穿过重重小道,法海来到了他的小院门前,伸手正打算推开院门,寂静中身后传来轻缓的脚步声。
法海侧头,见晨曦下一位年轻的僧人正缓步前来,他止住了指尖的动作,转过了身来。
他已认出了来人,是常年跟在太师祖身边的了悟。
两人相对,互相行了佛礼,法海神色淡淡的看着他:“可是有何事?”
了悟点头,目光清淡:“主持师兄,太师祖让你去他那里一趟。”
皱眉不解,法海还是点头,脚步错开转了方向离去。
原地了悟看他身影远去,也转身离开,身影很快便消失在了清晨的雾气中。
法海很快到了另一处庭院,不过刚刚进门,他就看到了院中池水中蹦跳着的两只锦鲤。
两只锦鲤很胖,让人看着就觉得喜庆,一金一红很是漂亮的两尾鱼儿。
两条胖锦鲤浑身具是透着灵性,仔细看就可以发现,他们晋然是两条可以化形的小妖,只是周身又满是佛性。
法海收回目光,穿过庭院走入室内,他一眼就看到了端坐在上首,慈眉善目的老人。
在老人通透的目光中,他脚步一顿,继而又回身关上房门,坐在了另一边。
“太师祖。”启唇,法海神色冷漠,低垂着的睫羽遮掩住眼中神色。
慧真看着进来的法海,眼眸微微颤动了瞬,又归于寂静,他古井无波的眼睛泛露着通透。
此时他神色和了然的轻叹,终是在一次的遇上了,冤孽啊!
闭眼,慧真转动着手中的佛珠,心中复杂。
罢了,各人有各人的缘法吧。
慧真在睁开眼睛,眼眸中明显有着复杂,师父等了一辈子,最终在病榻上,也未曾等到人来,只得徒带遗憾离去。
那时候慧真不知道师父在等谁,他只知道师父心中藏了一个人,为此师父还自领了戒鞭。
他不知师父在等谁,但是他知道,师父自京都回来后就越发的沉默寡言了,此后每每愣神也多是思念。
慧真想,却是那人真的来了,怕是世上便没了惊才艳艳的大法师度尘,尘世或许会多一闲散人。
收回心思,慧真面色复杂的看了眼法海,他自是看得出,法海此前定是遇到了谁,那人很可能便是师父在等的人。

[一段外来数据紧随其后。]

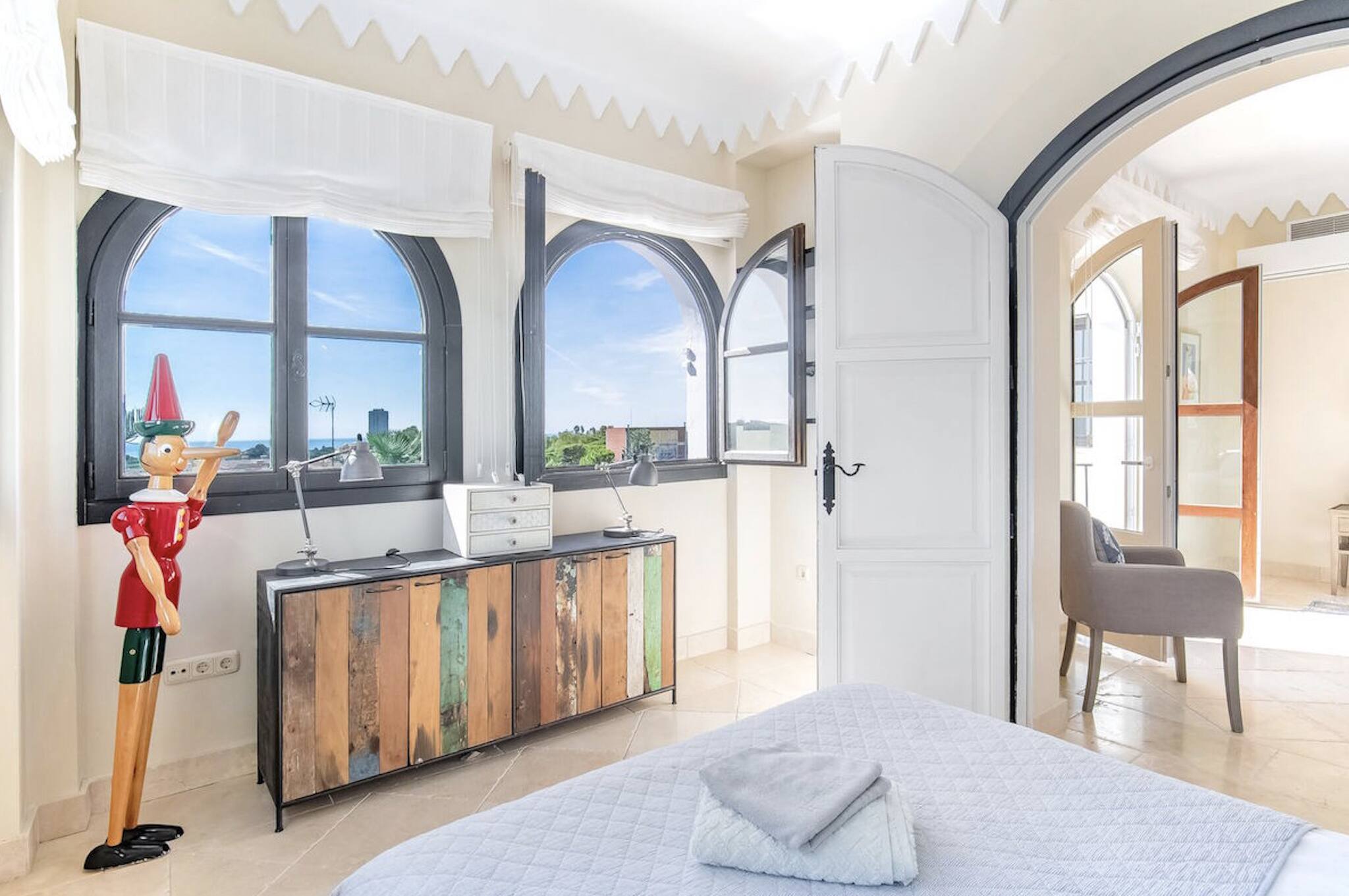 La casa dispone de dos amplios dormitorios en la planta baja y cuatro en la planta superior, todos decorados con mucho gusto y con increíbles terrazas y vistas al mar. Uno de estos es un dormitorio pequeño con cama doble, ideal para niños pequeños que quieren estar cerca de sus padres. Uno de los baños tiene bañera y ducha, y los otros tres disponen de ducha.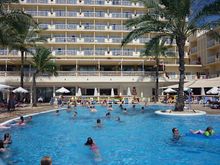Blick vom Pool aufs Hotel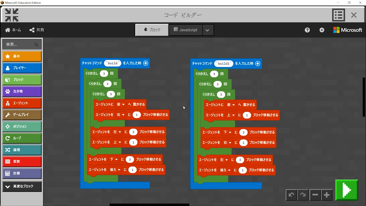 - 同じ形は同じ位置から同じ方向に作れば一緒のプログラムになるように考えさせてみる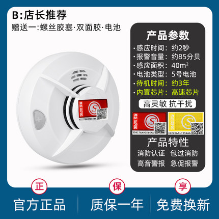 烟雾报警器消防专用3c认证商用家用独立式火灾感应室内烟感探测器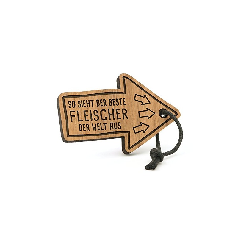 Fashionalarm Keyring "So sieht der Beste Fleischer der Welt" [German Language] Wooden Arrow with Engraving Gift Idea Butcher Profession Job Work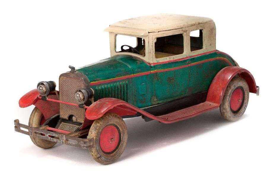 C.R. : Coach DELAGE, avec coffre arrière, réf. 1003, mécanique, bicolore vert et crème, filets rouges, phares éclairants. Etat moyen, moteur incertain, L=36cm.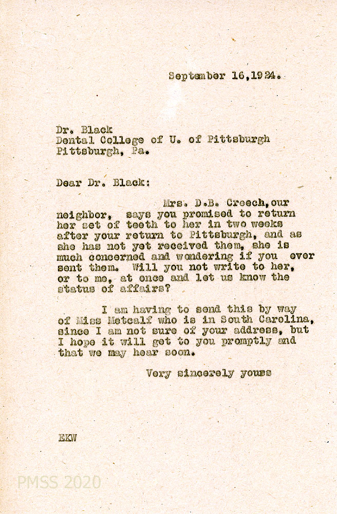 053 September 16, 1924. To Dr. Black, Dental College of University of Pittsburgh (PA), from EKW [Wells] via Medcalf, asking him to contact Wells or Mrs. D.B. Creech about her teeth.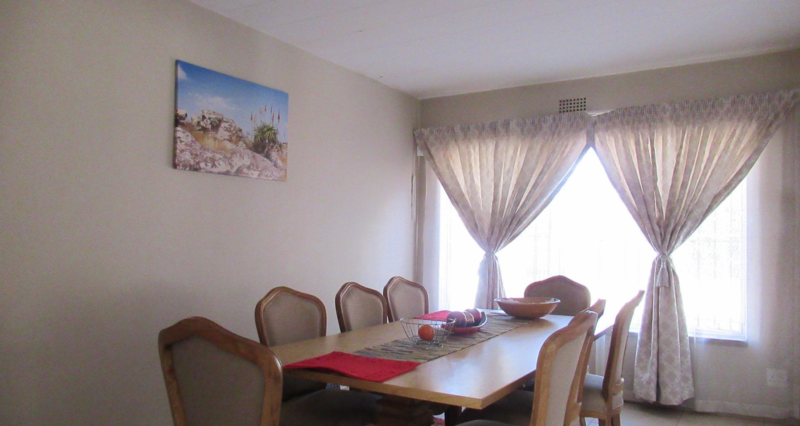 Step outside to discover a private, pet-friendly garden and a refreshing swimming pool, perfect for relaxation and entertaining during warmer months. The property is secured with perimeter fencing, an access gate, and robust burglar bars on windows, offering enhanced peace of mind for residents. The extensive paving around the exterior adds to the neatness and low-maintenance appeal.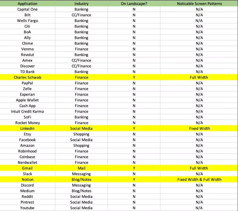 After a competitive analysis of a sample of 36 apps, only 4 supported landscape mode (11%). Among them, some utilized fixed-width layouts, while others employed full-width designs.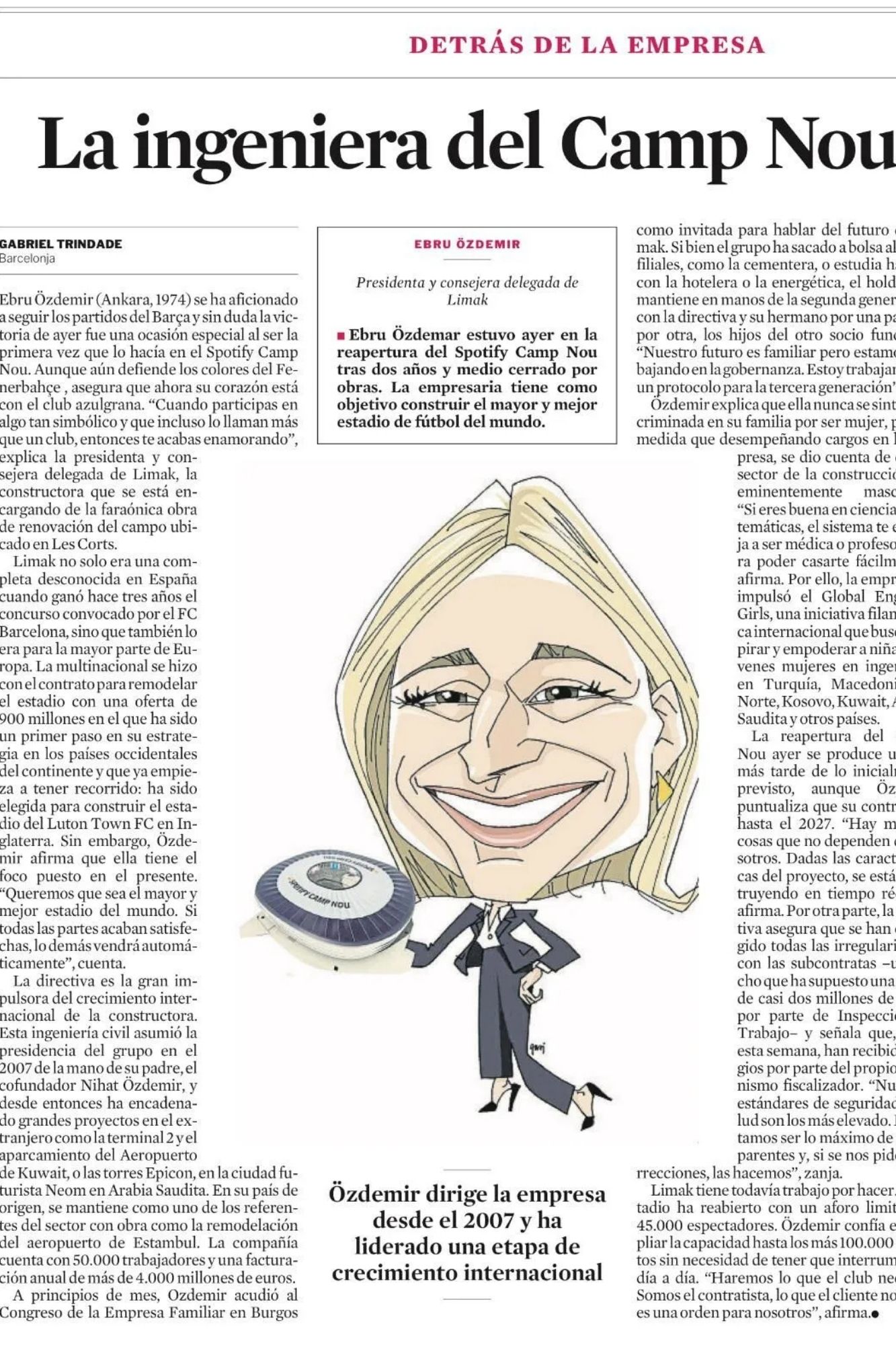 Avrupa’nın en büyük stadyum yenileme projelerinden biri olan Spotify Camp Nou, yeniden açılışıyla uluslararası medyanın odağına yerleşti. Bunun bizim açısından önemi ise “Avrupa’nın En Büyük Stadyum Projesinin Arkasında Bir Türk Liderin olması… Haberde, ‘Avrupa’nın en büyük stadyum yenileme projesi’ olarak tanımlanan Camp Nou’nun teknik ve operasyonel boyutlarına dikkat çekilirken, Ebru Özdemir’in ‘mühendislikten küresel iş liderliğine uzanan’ kariyer yolculuğu öne çıkarıldı.

师父死后,整理他的遗物,慧真才得知了些许零散信息,却也足以他拼凑出些许事情真相。
“你此前外出,可是遇到什么,我观你心绪多有变化,”慧真沉吟一二,还是开口,“听说你自领了戒鞭,可是发生了何事?”
慧真心里清楚,法海定然是遇到了祁青,并且与之产生了纠葛,但他只能当做不知,看出了他心中压抑,有心开解。
法海俊美的面容沉默,寡淡的神色低沉了几分,却还是瑶了瑶头。
“太师祖,无事,只是此前出去犯了些忌讳。”
“叹。”慧真叹息。
法海望见太师祖通透的眼神,心中犹豫了会儿,食指蜷缩。
在他这样的目光下,他觉得好似世间一切都无所遁形,让他不由捏紧了指尖。
法海不知道该怎么说,他心知自己犯了错误,这是不可逃避的事实。